OMC: la voie à suivre

2018/2084(INI)

Le Parlement européen a adopté par 471 voix pour, 80 contre et 86 abstentions, une résolution sur l’OMC: la voie à suivre.

Les députés ont rappelé que l’OMC jouait, depuis sa création, un rôle déterminant dans le renforcement du multilatéralisme, la promotion d’un ordre économique mondial inclusif et le développement d’un système commercial multilatéral ouvert, fondé sur des règles et non discriminatoire. Cependant, ils ont souligné que ce système était confronté à sa plus grave crise depuis la création de l’OMC, ce qui menace les fonctions de négociation et le mécanisme de règlement des différends. À cet égard, les résultats de la onzième conférence ministérielle, qui s’est tenue à Buenos Aires en décembre 2017, ont été décevants et ont clairement montré que la fonction de négociation de l’organisation est paralysée.

Les députés ont également rappelé que l’organe d’appel de l’OMC en raison du caractère contraignant de ses décisions et de son statut d’organe de réexamen indépendant et impartial, ne comprenait plus que le nombre minimum de juges nécessaires à son fonctionnement, à savoir trois. Ce blocage, dû au gouvernement des États-Unis, pourrait entraîner l’effondrement d’un système essentiel à la gestion des différends entre tous les membres de l’OMC.

Réaffirmant son attachement au multilatéralisme, le Parlement a plaidé pour une stratégie commerciale qui repose sur un système équitable et fondé sur des règles qui contribue à la paix, à la sécurité et au programme de développement durable, en prenant en compte et en renforçant les droits sociaux, environnementaux et humains. Il a souligné que l’OMC devrait également contribuer à promouvoir un commerce juste et à lutter contre les pratiques déloyales.

À la lumière des récentes évolutions mais également de la longue absence de progrès concernant le programme de Doha pour le développement, les députés ont appelé à procéder à la modernisation de l’OMC et ont invité la Commission à se tourner vers d’autres membres de l’OMC, et en particulier les partenaires commerciaux les plus importants, tels que les États-Unis, le Japon, la Chine, le Canada, le Brésil et l’Inde, pour convenir de positions communes.

Le Parlement a recommandé de :

  • combler les lacunes actuelles du corpus réglementaire afin d’assurer des conditions équitables en ce qui concerne les subventions ayant des effets de distorsion sur le marché et les entreprises publiques, ainsi que de maintenir à jour la protection de la propriété intellectuelle et l’accès au marché des investissements;
  • s’attaquer aux activités dirigées par les États qui donnent lieu à des surcapacités ainsi qu’aux obstacles réglementaires aux services et à l’investissement, y compris les transferts de technologie, les exigences applicables aux coentreprises et les exigences en matière de contenu local;
  • créer un cadre réglementaire capable de s’adapter aux évolutions technologiques telles que le commerce en ligne, les chaînes de valeur mondiales, les marchés publics, l’actualisation de la règlementation nationale des services;
  • répondre aux enjeux environnementaux et sociaux les plus urgents à l’échelle mondiale et assurer la cohérence des politiques relatives au commerce, au travail et à l’environnement.

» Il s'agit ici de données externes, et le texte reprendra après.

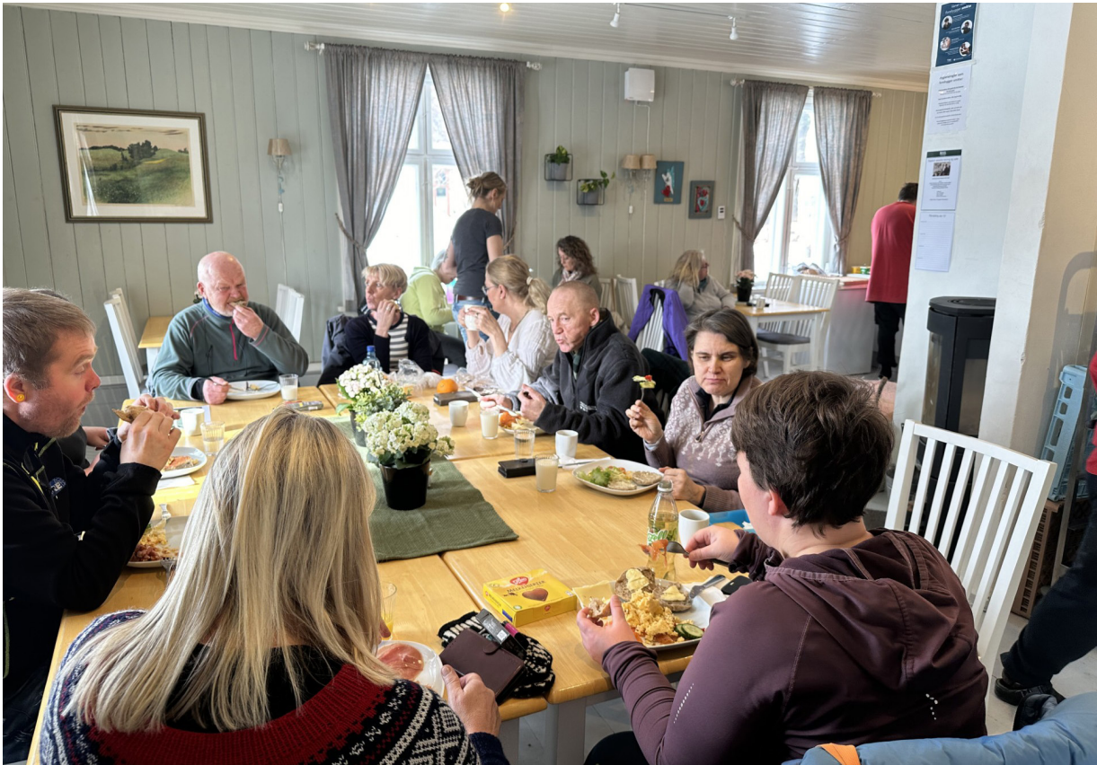
Fra Sagatun spiseforretning og kafé.

Tall for 2023, med sammenligning mot 2022 tall i parentes viser: Det ble registrert ca. 6167(4861) besøkende på Sagatun, av disse er 4933(4016) registrert som brukere. De besøkende registrerer at de deltar i arbeid 714(680), aktivitet 2933(2089), møter og kurs 1190(872). 1291(1220) sier at de er innom på kaffe, lunsj og/eller en prat.

Les députés ont également jugé nécessaire :

  • de revoir la distinction actuelle entre les pays développés et les pays en développement et réexaminer le mécanisme pour le traitement spécial et différencié afin de mieux refléter les indices de développement humain, en tant qu’outil politique permettant aux pays en développement de lier l’application des accords multilatéraux au fait de recevoir une aide de la part des pays plus riches et des organismes donateurs;
  • de soutenir le concept de multilatéralisme flexible, en vertu duquel les membres de l’OMC qui souhaitent approfondir une question pour laquelle un consensus complet n’a pas encore été trouvé devraient pouvoir faire progresser et conclure des accords plurilatéraux.
  • d’introduire des règles spéciales pour les PME dans les accords plurilatéraux et multilatéraux;
  • de définir une perspective de genre systémique dans tous les domaines de l’élaboration des règles de l’OMC sous la forme d’évaluations de l’impact selon le genre.

Le Parlement a  jugé injustifiée la décision des États-Unis d’imposer des droits de douane sur les produits en acier et en aluminium le 31 mai 2018 pour des motifs de «sécurité nationale» au titre de la section 232 du Trade Expansion Act de 1962. Il a encouragé la Commission à travailler avec les États-Unis afin de résoudre les contentieux commerciaux et de supprimer les barrières commerciales au sein du cadre de règlement des conflits de l’OMC.

Enfin, les députés ont invité les membres de l’OMC à garantir la légitimité démocratique et la transparence en renforçant la dimension parlementaire de l’OMC et à soutenir un protocole d’accord qui établisse une relation de travail formalisée avec la conférence parlementaire sur l’OMC.